One of the great perks of living the streaming era is the opportunity to chart an artist’s evolution from their earliest recordings to the present. Rio born singer and pianist Paula Maya brings a life time of Brazilian music bona fides and accolades to Rio de Janeiro, her latest dynamic, exotic, continuously hoppin’ album celebrating her lifelong passion for and contemporary possibilities of the genre.
She studied classical piano at the Brazilian Federation of Music, earned a Music Theory degree from the Brazilian Conservatory of Music and studied bossa nova and jazz with Luizinho Eca. Living for many years in Seattle, she hosted a weekly radio show devoted to Brazilian Music (Raizes) and was voted Best Brazilian Songwriter by The Seattle Weekly.
Yet when we listen to bits and pieces of her albums back in the 2000s on her label Yellow House Records, we’re hearing a very different, pop/rock, English singing side of her artistry. Nothing wrong with that – it’s just fascinating to note how much more engaging her later ventures have been since returning home to the style that’s always been part of her creative DNA.

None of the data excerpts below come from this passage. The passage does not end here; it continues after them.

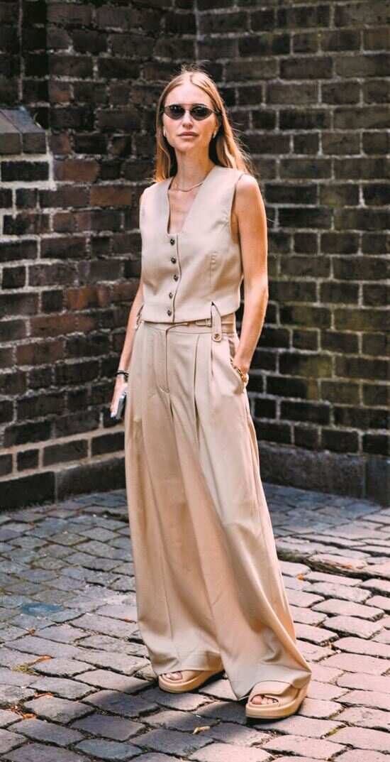 西装马甲单穿时的“V”字领口,很好延伸颈部线条,也有一定的修饰身材作用。较为流行的搭配方式是搭宽松西装裤,二者同属于直线型,版型剪裁搭配起来更显干练利落。也可搭配宽松短裤,夏季更易拗出舒适高级的造型。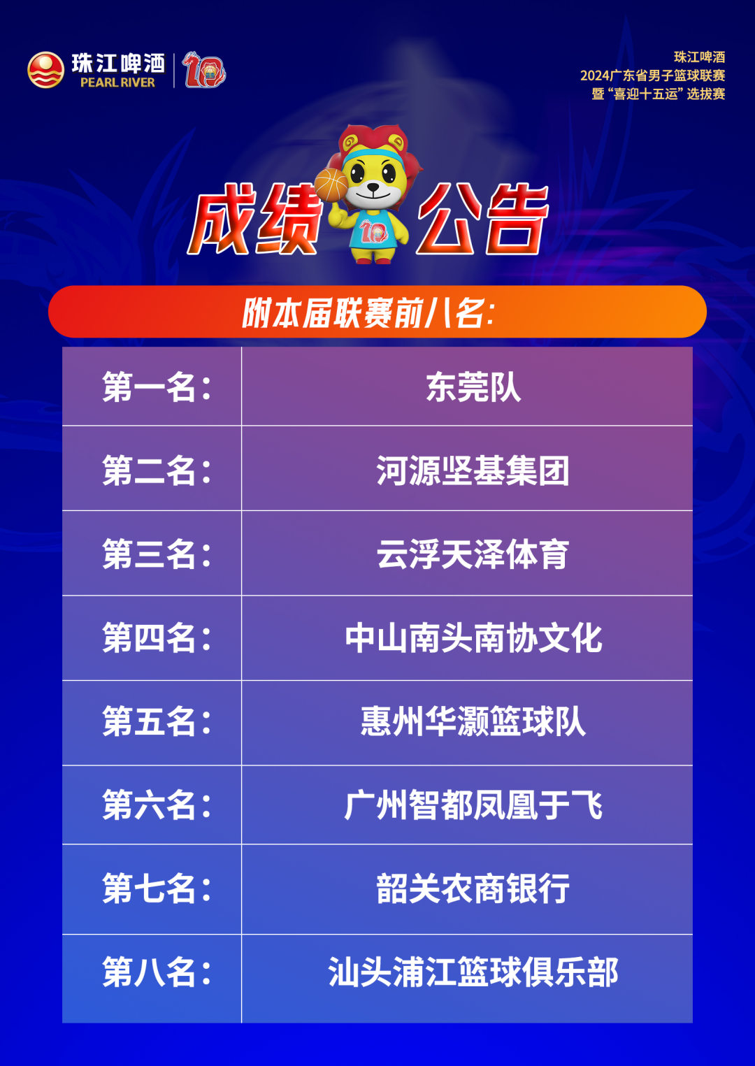 9月7日,珠江啤酒·2024广东省男子篮球联赛(简称“省联赛”)暨“喜迎十五运”选拔赛总决赛第二回合比赛在河源市体育馆落下帷幕,坐镇主场的河源队以71比74不敌东莞队,东莞队以2比0的总比分夺得冠军,捧起了广东省篮协为省联赛十周年特别打造的“盘龙奖杯”。东莞队的周泽源获评为总决赛最有价值球员。这也是东莞队连续第十年夺得省联赛冠军。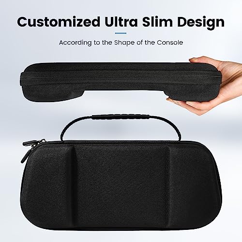 CUSTOM-DESIGNED CARRYING CASE FOR ASUS ROG ALLY-- Limited edition slim design. Fits your device with a silicone case. The coolest protection for your ASUS ROG Ally Handheld! (NOTE: ROG Ally console and other accessories not included) FULL PROTECTION -- Durable EVA hard shell and soft inner lining can protect your ROG Ally Handheld against any bumps or scratches during transport. The groove design provides enough space for the ROG Ally Handheld Joysticks, effectively protecting them from external crushing. PORTABILITY & COMFORT -- The lightweight design of the travel case and nylon handle make it convenient for carrying by hand or hanging in any location, whether at home or on the go, for comfortable portability. BUILD IN STAND- The inner cards slots board can be use as switch stand, you can enjoy the switch tabletop mode anywhere. Make going on vacation very happy, perfect fit for outdoor activities and enjoy your game with family or friends. WHAT YOU GET- A ASUS ROG Ally hard carrying bag and a cleaning cloth; Worry-free 12-month warranty, and friendly customer service. (ASUS ROG Ally and other accessories not included, for demonstration purposes only).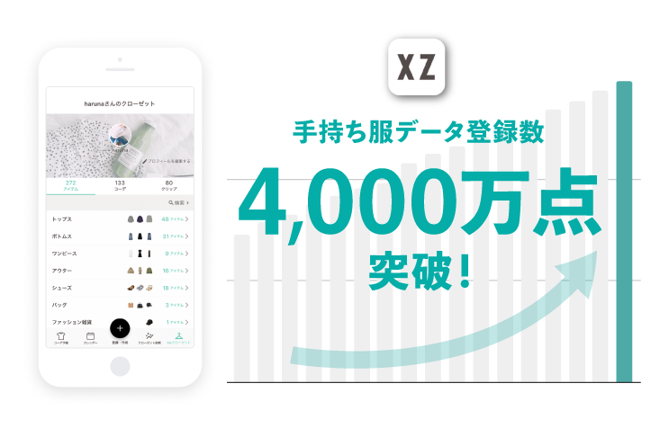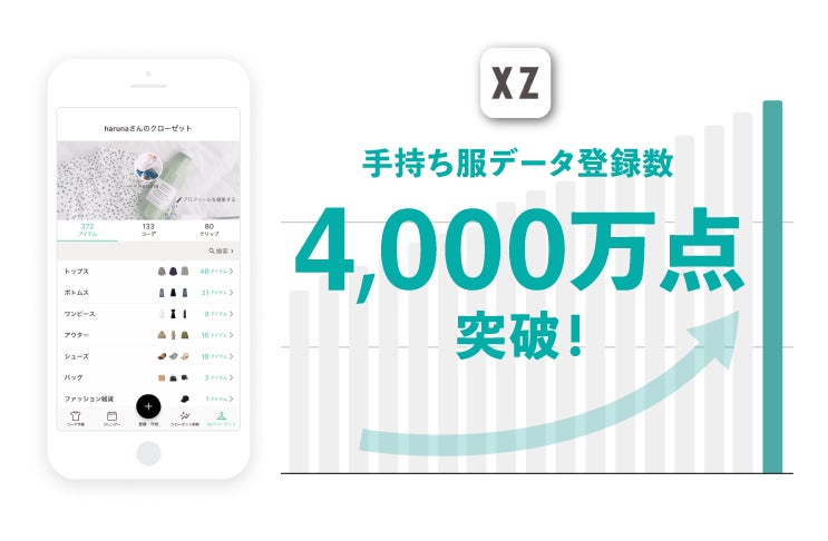 株式会社STANDING OVATIONが運営するオンライン・クローゼットアプリ「XZ(クローゼット)」への、ユーザーの「持っている服」の登録数が累計4,000万点を突破したことをお知らせします。

Now based in Austin, TX, where she regularly performs with her group Paula Maya and Bossa Nova Plus, Maya, as if literally traveling back to Rio de Janeiro on the new seven track collection, goes full throttle into her embrace of her roots, starting with the haunting, hypnotic English/Portuguese opening singalong “Rosalie,” paying charming, soulful homage to Jobim with a sensual spin on “Vivo Sonhando” and letting her imagination run wild past the funky, percussive romp of the title track before sensually and romantically swaying her way through the sassy dance number “lemanja (Flores Do Mar),”
While Maya’s mesmerizing, alternately laid back and speedy paced vocals and piano playing are the focus throughout, her array of top Brazilian musicians play key roles, most notably electric guitarist Fernando Monteiro, acoustic guitarist Humberto Mirabelli, flutist Monica Avila (whose wafting harmonies shine throughout “Mulher”) and percussionist Andre Siqueira, whose infectious soundscape intro on “A Baleza” preps us for the intoxicating yet vocally smooth fire to come.